## VideoMetamaterials: 复现原始实验 + 加入 multi-scale consistency loss 对比（Colab）

本 notebook 用于在 **Google Colab (单卡 GPU)** 上：

- **下载并使用论文提供的同一数据集与预训练 checkpoint**（来自 Zenodo / ETHZ Research Collection）
- **复现 baseline**（`lambda_phys = 0`）：加载预训练模型，按论文方式生成条件采样视频
- **加入 physics consistency loss**（`lambda_phys > 0`）：在相同数据集上继续训练（fine-tune 或从头训练），并生成同样的条件采样视频
- **对比评估**：
  - 多尺度自洽指标（RG-style）：对生成视频做空间 coarse-graining，比较各尺度的统计表征差异
  - 可视化对比：输出 GIF 网格与 topologies

> 注意：论文的最终“物理真实性”评估需要 Abaqus 仿真。Colab 环境不包含 Abaqus，因此本 notebook 的对比侧重于 **生成质量 + 多尺度自洽性**（即你引入的 consistency loss 的直接目标）。



In [None]:
# === 0) 环境检查 ===
import os, sys, json, textwrap, subprocess, re
import torch

print('python:', sys.version)
print('torch:', torch.__version__)
print('cuda available:', torch.cuda.is_available())
if torch.cuda.is_available():
    print('gpu:', torch.cuda.get_device_name(0))
    print('capability:', torch.cuda.get_device_capability(0))



In [None]:
# === 1) 安装依赖（按 README 的最小集合）===
# Colab 自带 torch，通常无需降级；其余按需安装
!pip -q install einops==0.6.1 einops-exts==0.0.4 rotary-embedding-torch==0.2.3 accelerate==0.19.0 imageio==2.28.1 tqdm==4.65.0 networkx==2.8.4 matplotlib==3.8.0 pillow==10.0.1 pyyaml

# 可选：wandb
# !pip -q install wandb==0.15.2



In [None]:
# === 2) 进入项目目录（不使用 notebook magic，保证可复现）===
import subprocess, pathlib

REPO_DIR = '/content/VideoMetamaterials-main'

if not os.path.exists(REPO_DIR):
    subprocess.run(['git', 'clone', '--quiet', 'https://github.com/jhbastek/VideoMetamaterials.git'], check=True)
    # 原仓库目录一般叫 /content/VideoMetamaterials
    if os.path.exists('/content/VideoMetamaterials') and not os.path.exists(REPO_DIR):
        pathlib.Path(REPO_DIR).symlink_to('/content/VideoMetamaterials')

os.chdir(REPO_DIR)
print('cwd:', os.getcwd())



### 3) 下载同一数据集与预训练模型（Zenodo API 自动下载）

论文作者在 README 里给了数据与 checkpoint 的下载入口（ETHZ Research Collection / Zenodo）。这里用 **Zenodo API** 自动拉取并解压到正确目录结构：

- `data/lagrangian.zip` → 解压到 `data/lagrangian/`
- `runs/pretrained.zip` → 解压到 `runs/pretrained/`

如果网络无法访问 Zenodo，你也可以在 Colab 左侧手动上传 `lagrangian.zip` 和 `pretrained.zip`，然后运行同一段解压代码。



In [None]:
import requests, zipfile
from pathlib import Path

ZENODO_RECORD_ID = 10011767  # 来自 README 的 Zenodo DOI: 10.5281/zenodo.10011767

DATA_ZIP = Path('data/lagrangian.zip')
RUNS_ZIP = Path('runs/pretrained.zip')

DATA_ZIP.parent.mkdir(parents=True, exist_ok=True)
RUNS_ZIP.parent.mkdir(parents=True, exist_ok=True)

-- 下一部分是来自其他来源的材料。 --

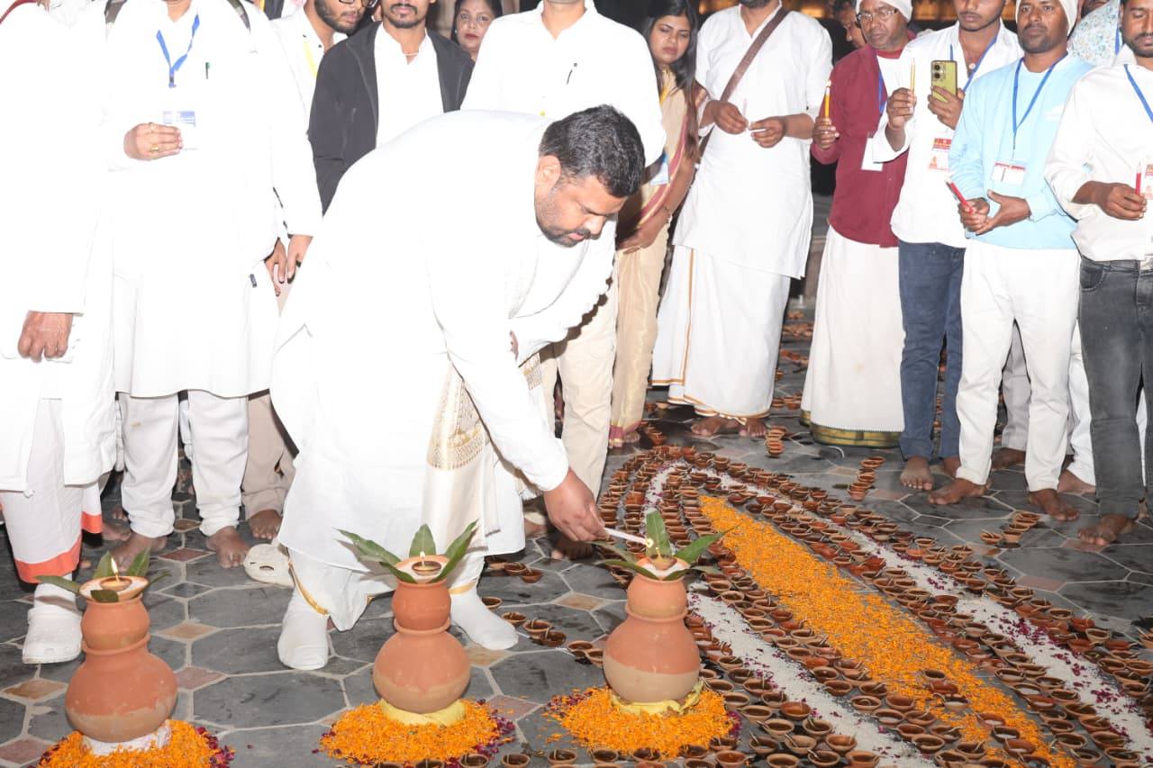 सायं पांच बजे का दृश्य तो और भी अद्भुत था। जब एक लाख दीपों की पंक्तियाँ एक साथ प्रज्वलित हुईं, तो स्वर्वेद महामंदिर धाम अलौकिक प्रकाशदृमंडल में बदल गया। हर दीप अपने भीतर तीन संदेश सँजोए था, गौ – सेवा का प्रकाश. गुरुकुल – संरक्षण की करुणा, राष्ट्र – प्रहरियों के सम्मान का तेज. काशी का आकाश उस क्षण दिव्यतम आलोक से भर उठा। सांस्कृतिक संध्या ने तो वातावरण में भक्ति – रस का अमृत भर दिया, भजनों की मधुर धुन, लोकनृत्य की सहजता, और कत्थक की गरिमा, इन सबने मानो काशी की पारंपरिक संस्कृति को आज और भी जीवंत कर दिया।

def zenodo_download(record_id: int, filename: str, out_path: Path):
    url = f'https://zenodo.org/api/records/{record_id}'
    r = requests.get(url, timeout=60)
    r.raise_for_status()
    j = r.json()
    files = j.get('files', [])
    match = None
    for f in files:
        if f.get('key') == filename:
            match = f
            break
    if match is None:
        raise RuntimeError(f'Zenodo record {record_id} does not contain {filename}. Found: {[f.get("key") for f in files]}')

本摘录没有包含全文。